Opinion

Is the EastMed gas pipeline just another EU pipe dream?

Is the EastMed pipeline really a feasible project? The answer to this question is not simple, but the EastMed plan sounds unconvincing.

By: Date: May 10, 2017 Topic: Green economy

This blog post will be published in Il Sole 24 Ore and Kathimerini.

ilsole24ore

On Monday 3 April, the energy ministers of Cyprus, Greece, Israel and Italy met in Tel Aviv, warmly watched by the EU Commissioner for Climate Action and Energy. They had gathered to sign a preliminary agreement to advance a gas pipeline project aimed at linking their four countries: the EastMed pipeline. The project is ambitious, enormous and – at least today – probably unnecessary.

At first glance the EastMed is an impressive idea. The pipeline would transport 10 billion cubic metres per year (Bcm/y) of gas from eastern Mediterranean gas fields to Greece and Italy. About 1900km long, and reaching depths below 3km, it would be the world’s longest and deepest subsea pipeline. The estimated cost is €6.2 billion.

But for those who follow European energy security, Monday’s ceremony brought a kind of déjà vu. It was difficult not to remember a similar ministerial ceremony that took place in Vienna in June 2006, proclaiming next steps for the Nabucco pipeline.

The two projects have many similarities: huge gas transit capacity; long pipelines; connections between Europe and multiple gas supply sources (in the case of Nabucco, Azerbaijan, Turkmenistan, Iran and Iraq). Both were also predicted to be costly, although the EastMed pipeline is even more expensive than Nabucco’s €5 billion initial estimated pricetag. And in both cases, energy ministers and the European Commission promised that the project would contribute not only to the security of Europe’s gas supply, but also to wider regional cooperation.

As we know, the story of Nabucco did not have a happy end. The project soon proved to be more of a pipe dream than a realistic pipeline project.

So the question now is whether the EastMed pipeline is really a feasible project. Or is it just more wishful thinking from the EU? The answer to this question is not simple, but the EastMed plan sounds unconvincing.

Preliminary feasibility studies claim that the project is viable both technically and commercially. However, these studies make a double bet on future gas trends in the region. On the demand side, they assume a substantial increase in EU gas import requirements. On the supply side, they predict that large amounts of eastern Mediterranean gas will become available for export to Europe.

The first bet looks reasonable, albeit with a caveat. The EU’s gas import requirements are likely to grow in the future, partly due to rapidly declining domestic production. However, this does not necessarily mean that eastern Mediterranean gas will be best positioned to fill the gap. At the end of the day, cost competitiveness will be key. Will Europe satisfy its growing requirements with eastern Mediterranean gas, or simply by increasing deliveries from Russia and other traditional suppliers?

The second assumption, that the eastern Mediterranean is sure to become a major exporter, is even more doubtful. Over the last years various challenges have revealed the limits of the region’s gas potential: continuous investment decision delays in Israel; downward revisions of gas resources in Cyprus; major gas shortages in Egypt.

In fact, only the 2015 discovery of the large-scale Zohr gas field in offshore Egypt, the largest discovery in the Mediterranean, could revitalise the outlook. But Egypt is not interested in the planned EastMed pipeline, having at its disposal two large liquified natural gas (LNG) facilities that currently sit idle. And even if regional gas production accelerates, domestic demand might limit export potential. Egypt’s gas demand is set to rise from the current 50 Bcm/y to around 70 Bcm/y in 2030. Israel expects its gas demand to quadruple by 2040.

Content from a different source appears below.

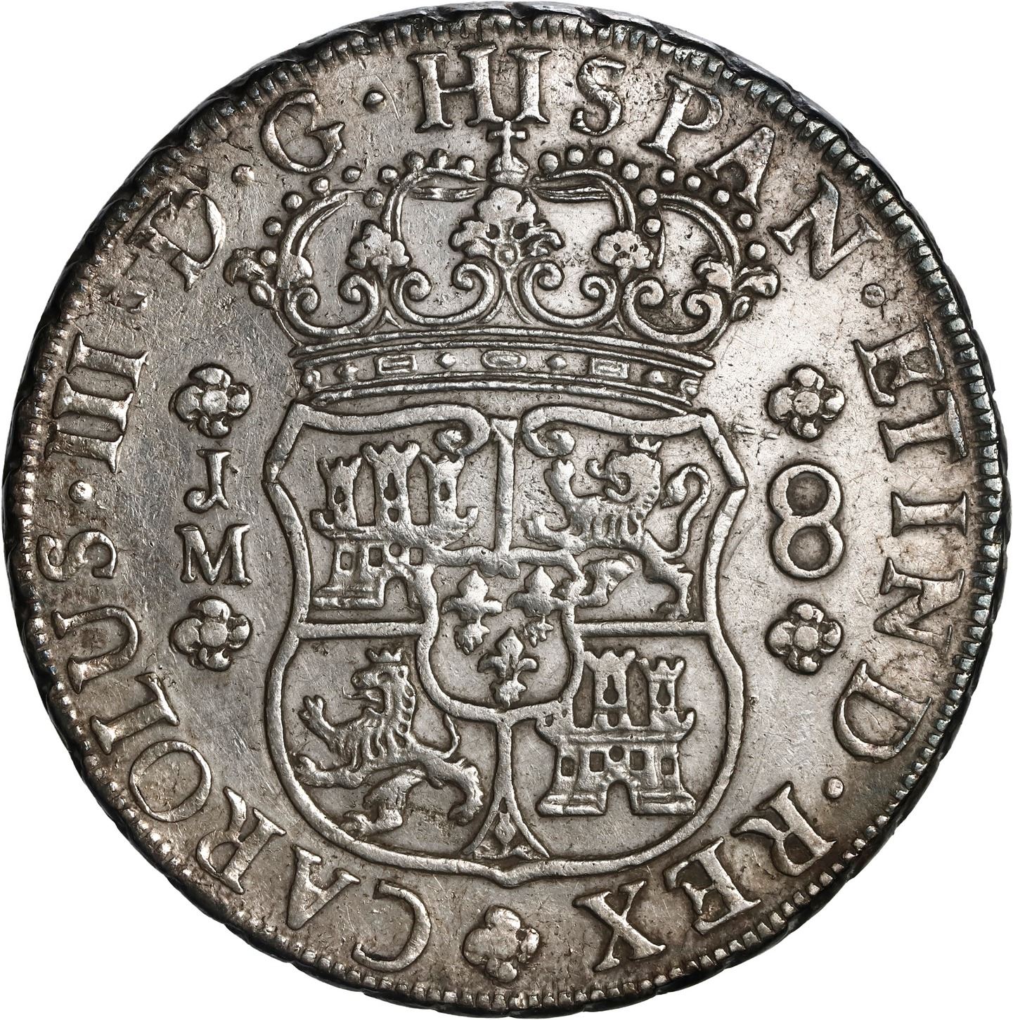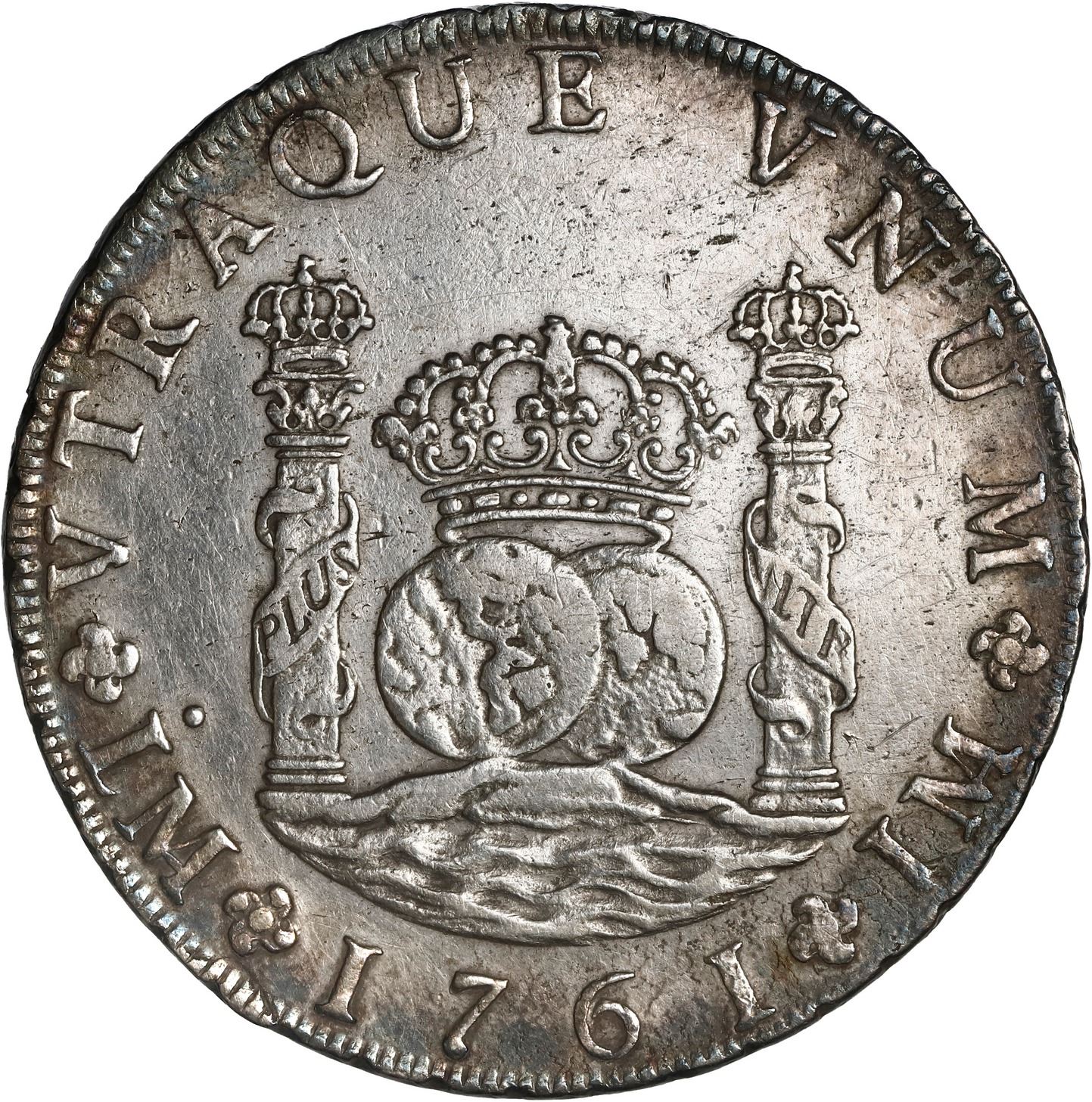 PERU, Lima, pillar 8 reales, Charles III, 1761 JM, no dot over right mintmark, ex-Brameld. Yonaka-L8.61; Cal-unl (cf. 1020); KM-A64.2. 26.70 grams. XF+ with light rainbow toning at rims, lustrous but lightly cleaned. (Note: Calicó does not differentiate the mintmark varieties for this type.). Pedigreed to the David Brameld Collection.

In short, the gas export potential of the eastern Mediterranean is still not clearly defined, and it will also depend on domestic gas demand.

With all these uncertainties, it seems premature to discuss such a large and costly project as the EastMed pipeline. EastMed could make sense in years to come, once European gas dynamics and the real export potential of the eastern Mediterranean become clearer. But for the time being it looks like another EU fantasy.

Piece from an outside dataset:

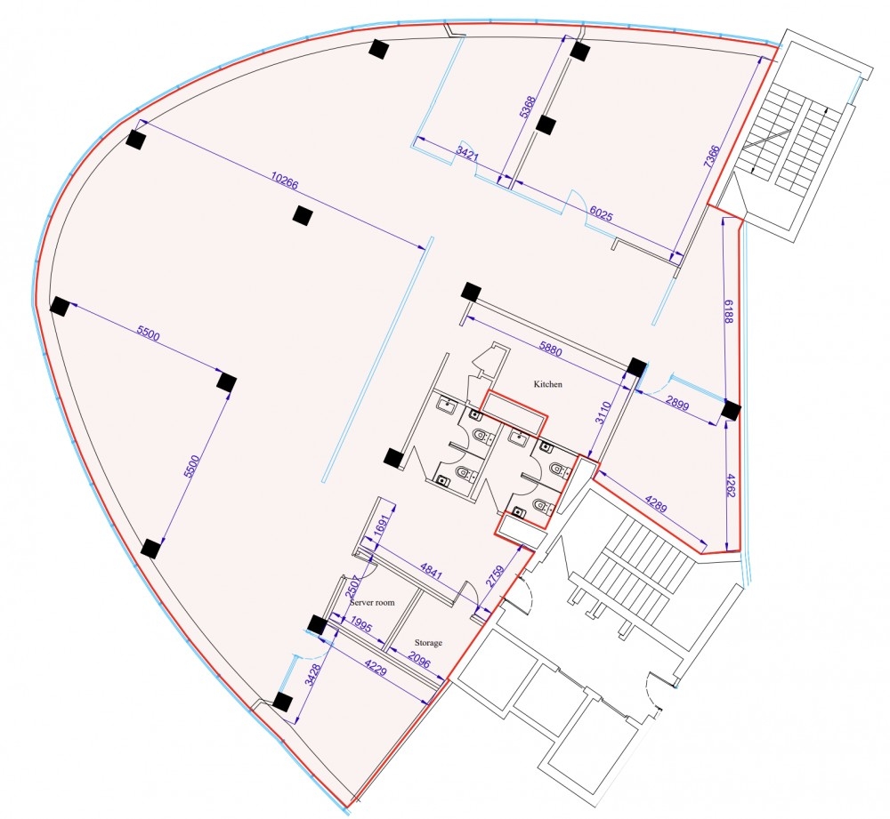 Офисный блок располагается на 5-м этаже, ремонт за выездом арендатора. Своя зона кухни и с/у. В здании приточно-вытяжная вентиляция, кондиционирование, высокие потолки.
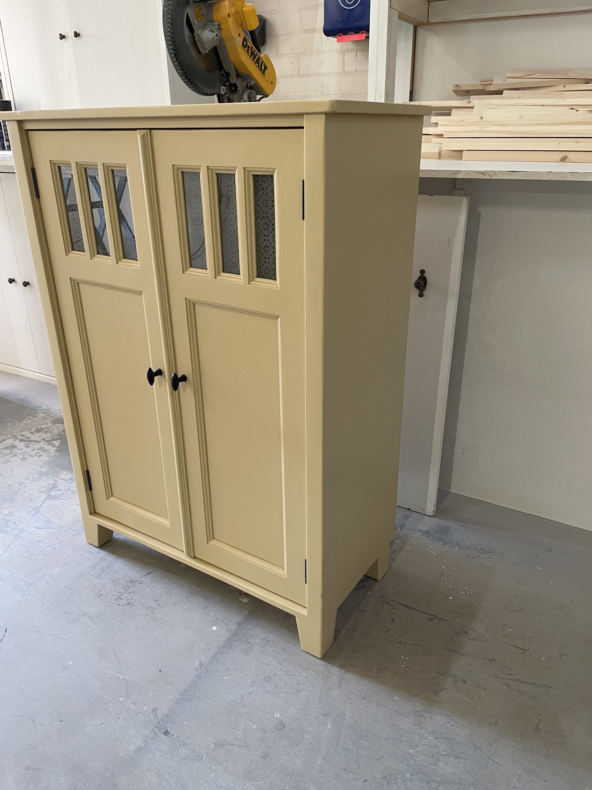 Wil je een voorbeeld zien? Bekijk dan dezelfde commode afgewerkt in RAL 6021: commode deurtjes. We hebben dit model ook al eens gemaakt met andere opties en een andere afwerking: grenen commode deuren. Zoals je ziet zijn er veel mogelijkheden om de commode met 2 deuren volledig naar jouw wensen samen te stellen.

A more reasonable option for the eastern Mediterranean region would be joint use of the existing Egyptian LNG facilities. Indeed, the geographical proximity of Egyptian, Israeli and Cypriot offshore gas fields could well allow coordinated development. This might create the economies of scale needed to make the first gas exports from the eastern Mediterranean region competitive.

Such an approach would also offer eastern Mediterranean gas suppliers flexibility in terms of destination markets. For instance, through Egyptian LNG terminals, these fields could also serve the rapidly growing Turkish market – and not just southern Europe, as would be the case with the EastMed pipeline. Furthermore, a joint regional export scheme via the Egyptian LNG facilities could also provide a first opportunity to test commercial gas cooperation between Egypt, Israel and Cyprus.

If successful, this cooperation could then eventually scale-up in the 2020s, if new gas resources are found in the region and gas demand justifies the construction of additional infrastructure. Only then would it be worth considering grand projects like the EastMed gas pipeline.